As it stands our occupation has been preventing reconciliation between the Afghan government and the Taliban, which the majority of the people of Afghanistan support. Also, our attacks are seeping over into Pakistan, much like the so-called secret war in Cambodia during the 1970s, which is exacerbating another issue altogether.
Obama made the comment on the previous campaign trail that the US “dropped the ball” in Afghanistan. This comment always disturbed me because it is not as if he was talking about playing soccer with the children of Afghanistan. He is talking about using lethal force on one of the poorest countries in the world. This is unacceptable.
And what about Iran? Outside of the fact that there isn’t any proof to our allegations and that the majority of the world is on Iran’s side (I mention this because Obama referenced working with “our allies”) we and “our allies” have no room to be talking when it comes to possessing nuclear weapons. Unlike Israel, Iran has not been attacking its neighbors from stolen land.
There is one issue that is largely missing from the President-elects agenda: Pentagon budget. While there was a lot of criticism against the Wall Street Bailout on the grounds it was, well, a “bailout” or needles handouts to the rich who need to survive on their own, no one pointed out that at the same time Congress voted on “defense spending,” which like usual passed with overwhelming support.
The defense budget has long been used as corporate welfare, pork barrel spending and weapons that not only don’t get used, but as in the case of those that do get used like landmines and depleted uranium, shouldn’t be.

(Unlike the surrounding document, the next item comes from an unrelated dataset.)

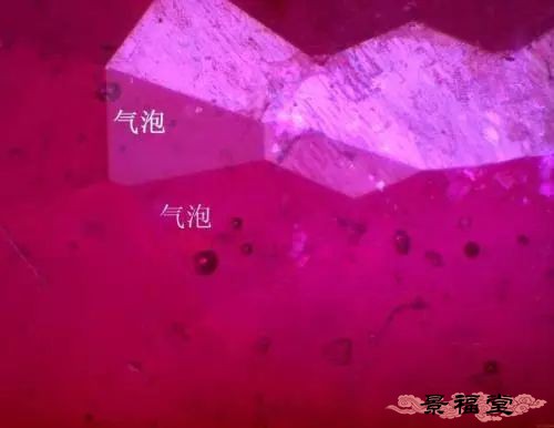 为红宝石中无色的气—液包裹体和无色的固态包裹体呈指纹状断续排列而成.其中,气—液包裹体多具有气、液两相,固体包裹体多呈棱角分明的短柱状。

With all of this being said, and much more that wasn’t, the election was still a reflection of the noticeable move to the Left. Available opinion polls have long shown the American public as being much further to the left than policy makers and legislators. And perhaps it was the timing of this election that made it inevitable for the candidates to rely on populist rhetoric to get elected – the economic woes were too severe for politicians to ignore and the only way to reach the concerned voters was by adopting positions similar to theirs. For example, whereas my congressman, Joe Barton, had long been a stooge for big business he painted himself as a semi-populist looking out for workers and taxpayers.

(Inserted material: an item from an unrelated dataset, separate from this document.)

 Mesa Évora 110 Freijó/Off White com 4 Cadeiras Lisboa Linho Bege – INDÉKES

We also cannot ignore the significance of the election as it pertains to race relations. Things have gotten better. We can debate how much further we have to go but the fact that America elected an African American as their president illustrates some success.

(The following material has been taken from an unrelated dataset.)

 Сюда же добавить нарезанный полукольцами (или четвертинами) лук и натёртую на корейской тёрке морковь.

In summary the election highlighted an opportunity for change, and undoubtedly we will continue our organizing efforts. And while Obama may not be the progressive many of his supporters found him to be the most pertinent question for is: Considering the narrowness of our electoral choices as being between McCain and Obama who do we suspect we might have the best chance of success in reaching and dealing with? I cannot help but think that our move to the left was the right move.